"Nor our hells!" He still spoke vehemently. "Yes, there are times in all our lives when oblivion, forgetfulness, seems very desirable, very alluring. But let me entreat you, Mrs. Carstairs, not to seek to enter Paradise by that devil's key!"
Her almond-shaped eyes grew still more narrow as she looked at him.
"I wonder why you speak so impressively," she said slowly. "As a doctor doubtless you are au fait in the subject, yet your vehemence seems to imply——" She paused.
"As a doctor I've seen enough of the havoc the opium fiend plays in the lives of men—and women," he said steadily, "to realize the danger that lies in the insidious habit. I have seen women—women like you"—he had no idea of sparing her—"young, of good position and all the rest of it, who have slid into the deadly thing on the flimsiest of pretexts—and then, too late, have realized they are bound—for life—with fetters which cannot be broken."
"Yet the deadly thing is fascinating, isn't it? Else why do so many fall under its sway?"

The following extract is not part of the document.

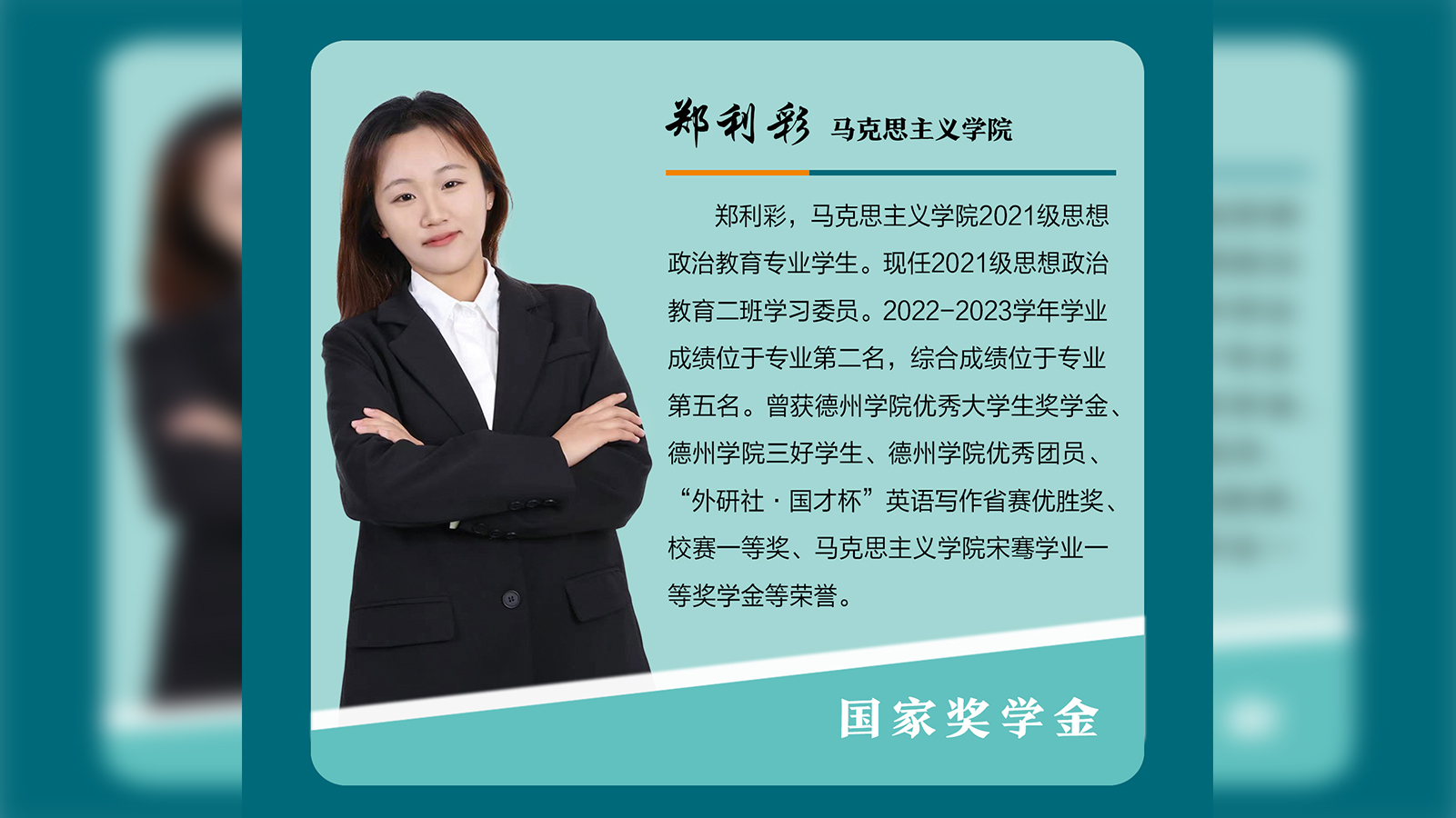 个人简介:郑利彩,马克思主义学院2021级思想政治教育专业学生。现任2021级思想政治教育二班学习委员。2022-2023学年学业成绩位于专业第二名,综合成绩位于专业第五名。曾获beat365官方网站优秀大学生奖学金、beat365官方网站三好学生、beat365官方网站优秀团员、“外研社·国才杯”英语写作省赛优胜奖、校赛一等奖、马克思主义学院宋骞学业一等奖学金等荣誉。学无止境,天道酬勤知不足而奋进,望远山而前行。在学习上,郑利彩保持谦虚向上的学习态...

"Fascinating?" With an inward shudder Anstice recalled those months after Hilda Ryder's death—those horrible, chaotic months when, in a vain endeavour to stifle thought, to deaden remorse, he had invoked the aid of the poppy, and by so doing had almost precipitated a moral catastrophe which should have been more overwhelming than the first. "For God's sake, Mrs. Carstairs, don't become obsessed by that idea. The morphia habit is one degrading slavery of mind and body, and only the miserable victims know how delusive are its promises, how unsatisfactory its rewards. What can you expect from a cult whose highest reward—the only thing, indeed, it has to offer you, is—oblivion?"
Chloe Carstairs did not reply. Instead, she turned away and moved across the room to a small black escritoire which stood against the white wall. Bending down she opened it, and after pressing a spring, released what appeared to be a secret drawer. From this she lifted out a little packet wrapped in white paper and sealed with red wax, and holding it in her hand she came slowly back to where Anstice stood, made vaguely uncomfortable by her curious, almost secretive manner.
"Dr. Anstice"—she held out the packet—"will you take charge of this for me? It is the key—what you called the devil's key just now—to the Paradise I have never had the courage to enter."
Anstice took the little parcel from her with something of sternness in his face.
"Yes, Mrs. Carstairs. But what, exactly, is this thing?"